West China Biomedical Big Data Center, West China Hospital/West China School of Medicine, Sichuan University, Chengdu 610041, China.
School of Mathematics, Sichuan Normal University, Chengdu 610066, China.
J Healthc Eng. 2020 Sep 16;2020:8886599. doi: 10.1155/2020/8886599. eCollection 2020.
The objective of this study was to construct a procedural planning tool to optimize the proximal junction angle (PJA) to prevent postoperative proximal junctional kyphosis (PJK) for each scoliosis patient.

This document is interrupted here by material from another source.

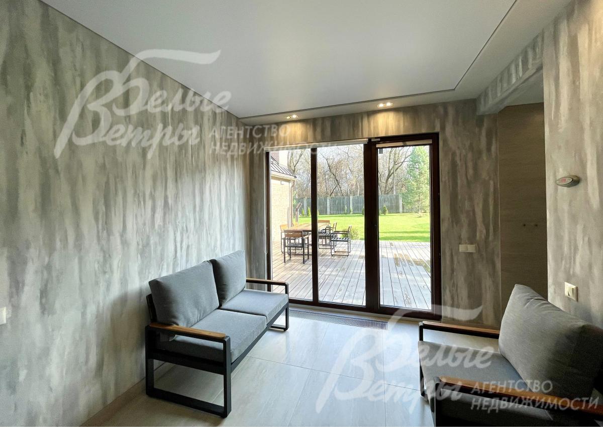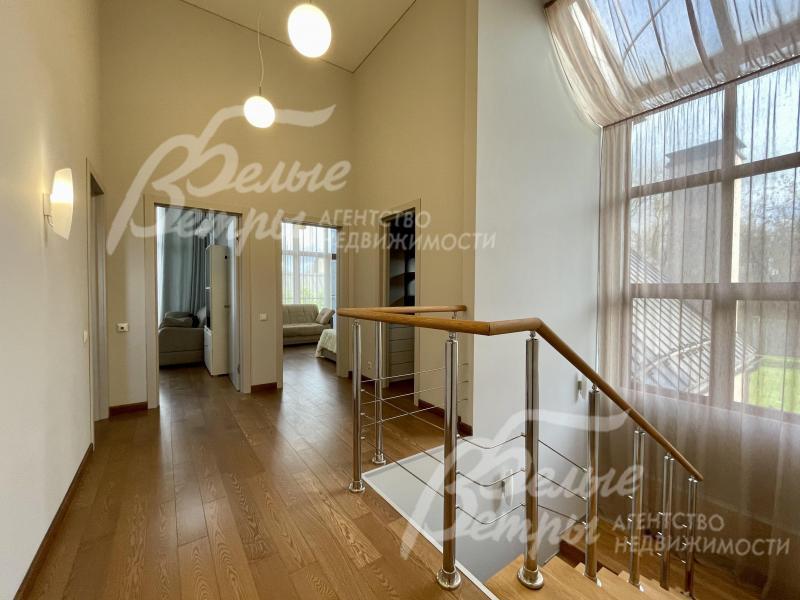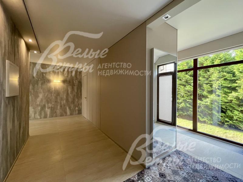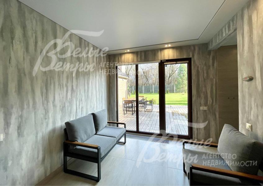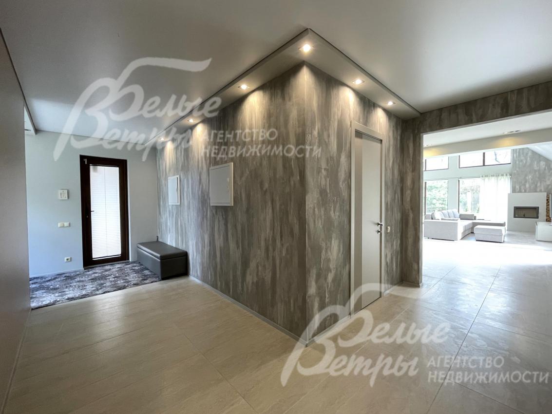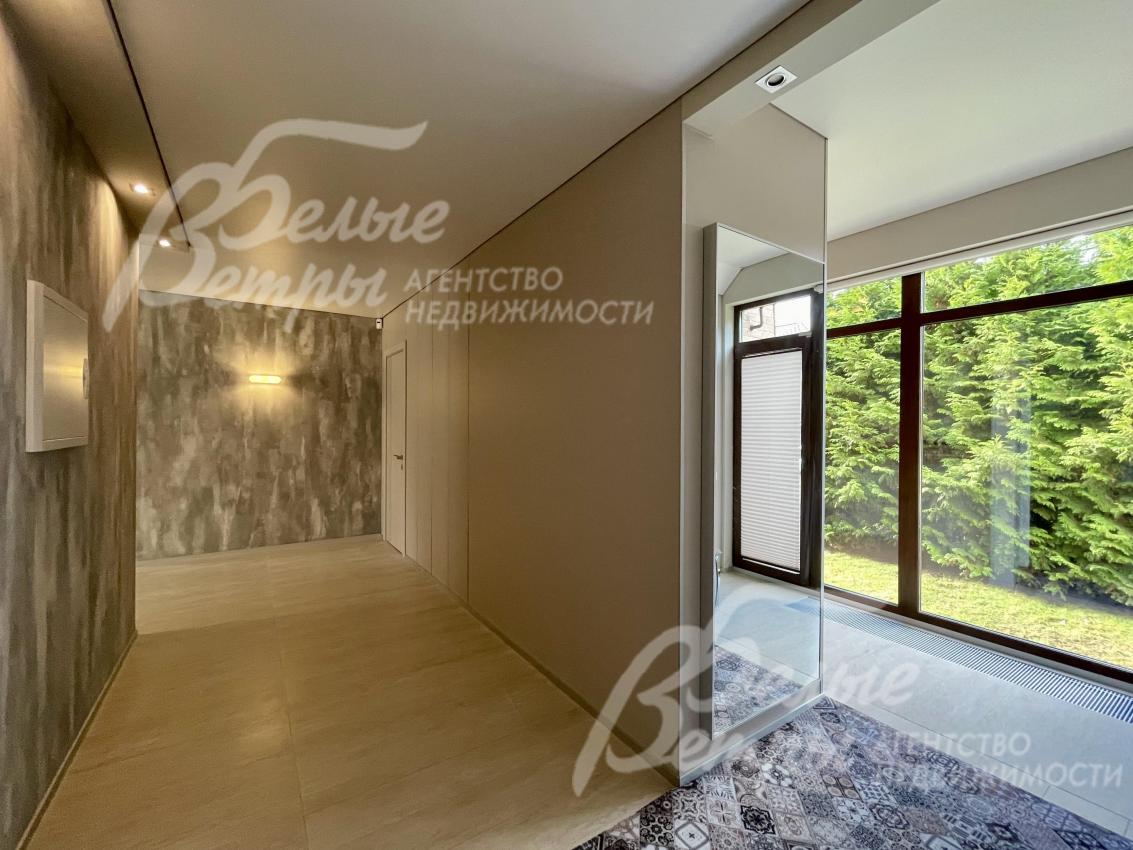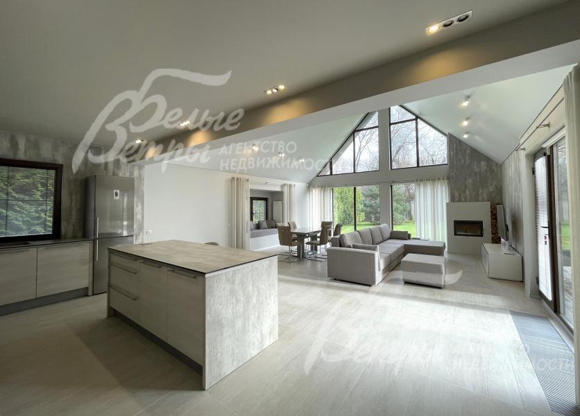Описание внутренней отделки: выполнена дизайнерская отделка в современном стиле минимализм. Панорамное остекление от пола до потолка. Отделка внутренних стен: ГКЛ 2 слоя + покраска/обои. Полы: керамогранит/инженерная доска, водяной тёплый пол (где плитка). Потолки: ГКЛ 2 слоя + покраска/натяжные потолки (Бельгия). Установлена сантехника Kohler, Roca, смесители Grohe. На 1-м этаже внутрипольные конвекторы, стальные панельные радиаторы. Двери: МДФ/БСП.

Twelve patients (9 patients without PJK and 3 patients with PJK) who have been followed up for at least 2 years after surgery were included. After calculating the loading force on the cephalad intervertebral disc of upper instrumented vertebra of each patient, the finite-element method (FEM) was performed to calculate the stress of each element. The stress information was summarized into the difference value before and after operation in different regions of interest. A two-layer fully connected neural network method was applied to model the relationship between the stress information and the risk of PJK. Leave-one-out cross-validation and sensitivity analysis were implemented to assess the accuracy and stability of the trained model. The optimal PJA was predicted based on the learned model by optimization algorithm.
The mean prediction accuracy was 83.3% for all these cases, and the area under the curve (AUC) of prediction was 0.889. And the output variance of this model was less than 5% when the important factor values were perturbed in a range of 5%.
Our approach integrated biomechanics and machine learning to support the surgical decision. For a new individual, the risk of PJK and optimal PJA can be simultaneously predicted based on the learned model.
本研究旨在构建一种手术规划工具,以优化近端交界角(PJA),预防每个脊柱侧弯患者术后近端交界后凸(PJK)。
纳入了 12 名患者(9 名无 PJK 患者和 3 名有 PJK 患者),这些患者术后至少随访 2 年。计算了每个患者上位器械椎的头端椎间盘的加载力后,采用有限元法(FEM)计算每个元素的应力。将应力信息总结为不同感兴趣区域手术前后的差值。采用两层全连接神经网络方法来建立应力信息与 PJK 风险之间的关系模型。采用留一法交叉验证和敏感性分析来评估训练模型的准确性和稳定性。基于学习模型,通过优化算法预测最佳 PJA。
所有这些病例的平均预测准确率为 83.3%,预测的曲线下面积(AUC)为 0.889。当在 5%的范围内对重要因素值进行扰动时,该模型的输出方差小于 5%。
我们的方法将生物力学和机器学习相结合,为手术决策提供支持。对于新个体,可以根据学习模型同时预测 PJK 的风险和最佳 PJA。